1. Prompt Enforcement
    DOE received comments recommending DOE begin enforcing the 45 lm/W 
backstop requirement as soon as possible. SC, NRDC, and EJ stated that 
in light of delays, DOE should act swiftly to finalize the proposed 
rule and begin enforcing EPCA's backstop. (SC, NRDC, and EJ, No. 58 at 
p. 1) CEC, SC, NRDC, and EJ, ASAP et al., and NASEO stated that DOE 
missed the December 31, 2021 deadline set by President Biden in 
Executive Order 13990 to complete the review of the backstop rule. 
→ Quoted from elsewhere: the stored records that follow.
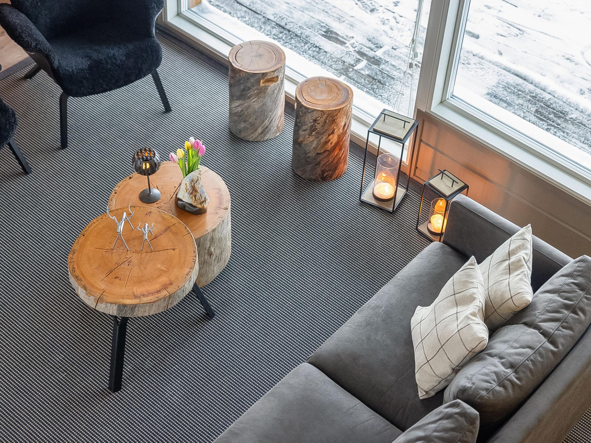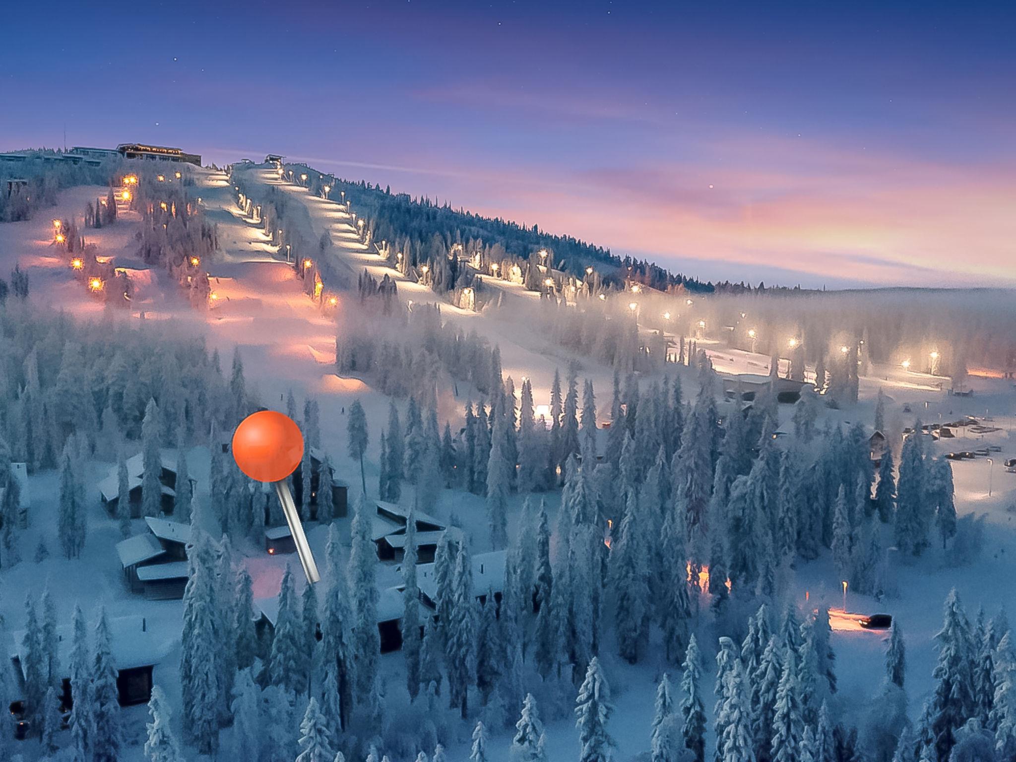 140 km to the northeast from Oulu, in Iso-Syöte tourist center. Ski lifts and ski slopes are near (150 m).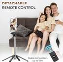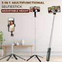 Kratos Bluetooth Selfie Stick Tripod | Quadrapod Design | 102cm Extendable Bluetooth Selfie Stick (Black, Remote Included)
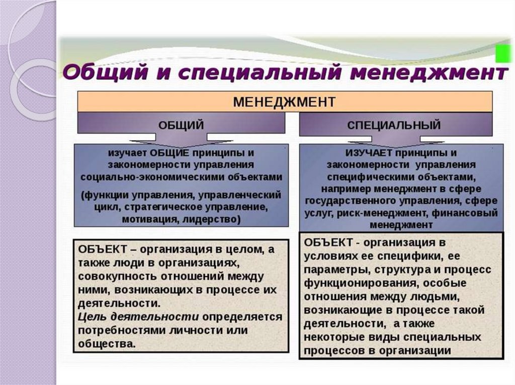 2. 1.1. Различие общего и специального менеджмента.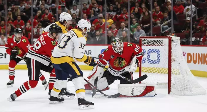 Nashville increased its lead to 3-1 after Chicago defenseman Connor Murphy was penalized for hooking in the second. Forsberg beat Delia with a wrist shot at 16:26 for his first goal since Nov. 21.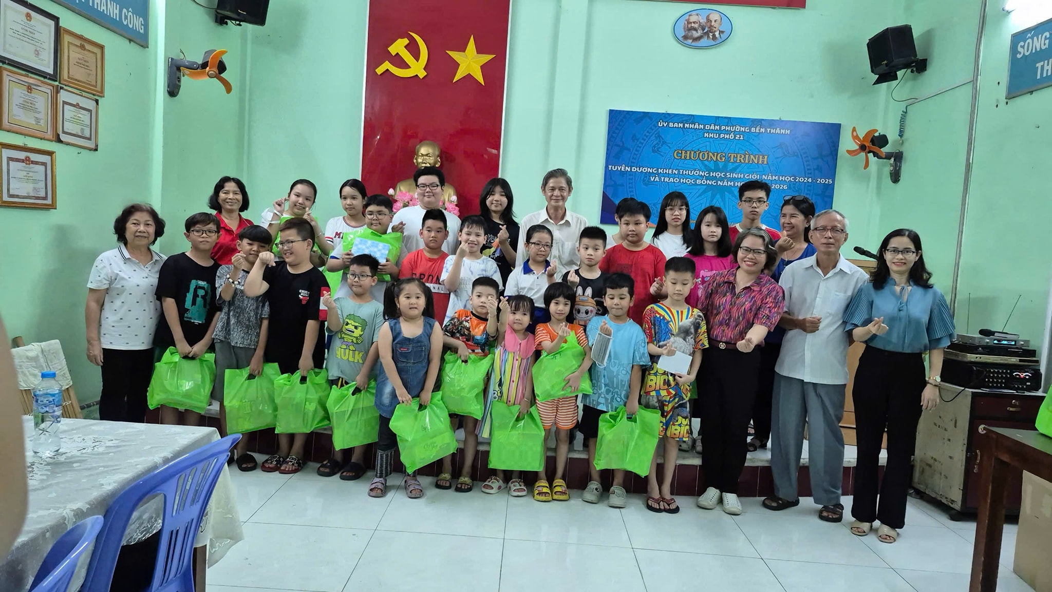 Tối ngày 18/7/2025, Chi bộ – Khu phố – Ban Công tác Mặt trận Khu phố 21 phường Bến Thành tổ chức Lễ tuyên dương khen thưởng học sinh giỏi năm học 2024-2025 và trao tặng học bổng năm học 2025-2026 cho các em học sinh. Tham dự chương trình có các đồng chí: Nguyễn Thị Hồng Nhung – Phó Chủ tịch Ủy ban MTTQ Việt Nam, Chủ tịch Hội LHPN phường; Phạm Thị Phương Dung – Bí thư chi bộ khu phố; Lưu Văn Năng – Trưởng khu phố; Đặng Thị Tuyết Nhung – Trưởng Ban CTMT khu phố cùng các ông, bà là thành viên khu phố, đảng viên chi bộ, cảnh sát khu vực, quý phụ huynh và các em học sinh tham dự.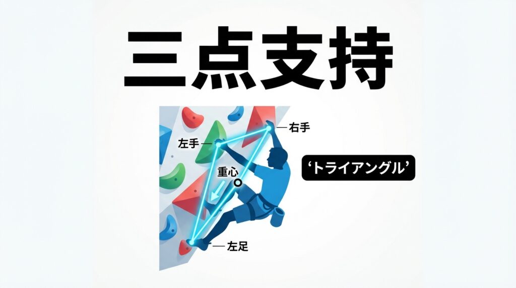 多くの初心者がバランスを崩して落下するのは、焦って手足をバタバタと動かし、この三角形を崩してしまうことが主な原因です。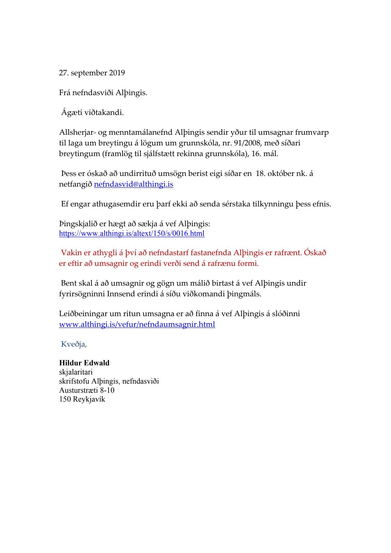 Erindi frá allsherjar- og menntamálanefnd Alþingis, dags. 27. september, þar sem óskað er eftir umsögn um frumvarp til laga um breytingu á lögum um grunnskóla, nr. 91/2008, með síðari breytingum (framlög til sjálfstætt rekinna grunnskóla)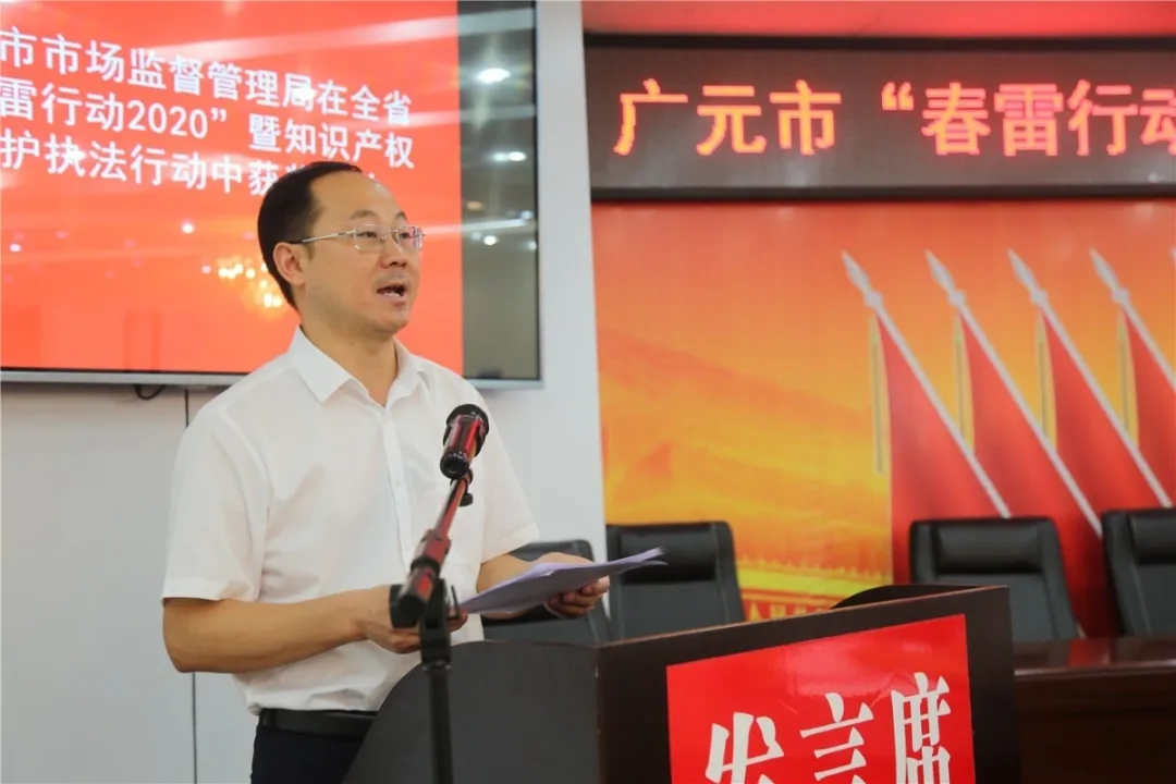 7月17日,廣元市“春雷行動2020”暨知識產權保護執法行動工作總結會在市市場監管局十樓會議室召開。市委常委、副市長孔祥泉出席會議并講話,市政府副秘書長李慶華主持會議,市市場監管局黨組書記陳懷乾、局長劉素英參加會議并講話。

(CEC, No. 53 at p. 3; SC, NRDC, and EJ, No. 58 at p. 2; ASAP et al., 
No. 63 at pp. 1-3; NASEO, No. 45 at p. 1) SC, NRDC, and EJ stated that 
the White House's Office of Information and Regulatory Affairs 
(``OIRA'') took approximately two and a half months to review the 
December 2021 NOPR pursuant to E.O. 12886, and that this pace fails to 
reflect that the December 2021 NOPR is simply corrections of unlawful 
legal interpretations from the prior administration. SC, NRDC, and EJ 
urged DOE to cease what they characterized as its ongoing, unlawful 
efforts to avoid implementing the transformative advance in lighting 
efficiency that Congress enacted in 2007. (SC, NRDC, and EJ, No. 58 at 
p. 2)
    SC, NRDC, and EJ, CFA and NCLC, CEC, CA IOUs, ASAP et al., NASEO, 
the Attorneys General, and IPI et al. stated that DOE should implement 
prompt enforcement of the backstop standard. (CEC, No. 53 at p. 5; CA 
IOUs, No. 56 at pp. 2, 4; SC, NRDC, and EJ, No. 58 at p. 2; ASAP et 
al., No. 63 at p. 3; NASEO, No. 45 at p. 1; CFA and NCLC, No. 52 at p. 
3; Attorneys General, No. 60 at pp. 2, 3, 4; IPI et al., No. 54 at p. 
3) CEC stated that DOE should not exercise its proposed enforcement 
discretion, as it would allow manufacturers to shift the costs of 
inefficient and unlawful lighting onto the environment and consumers. 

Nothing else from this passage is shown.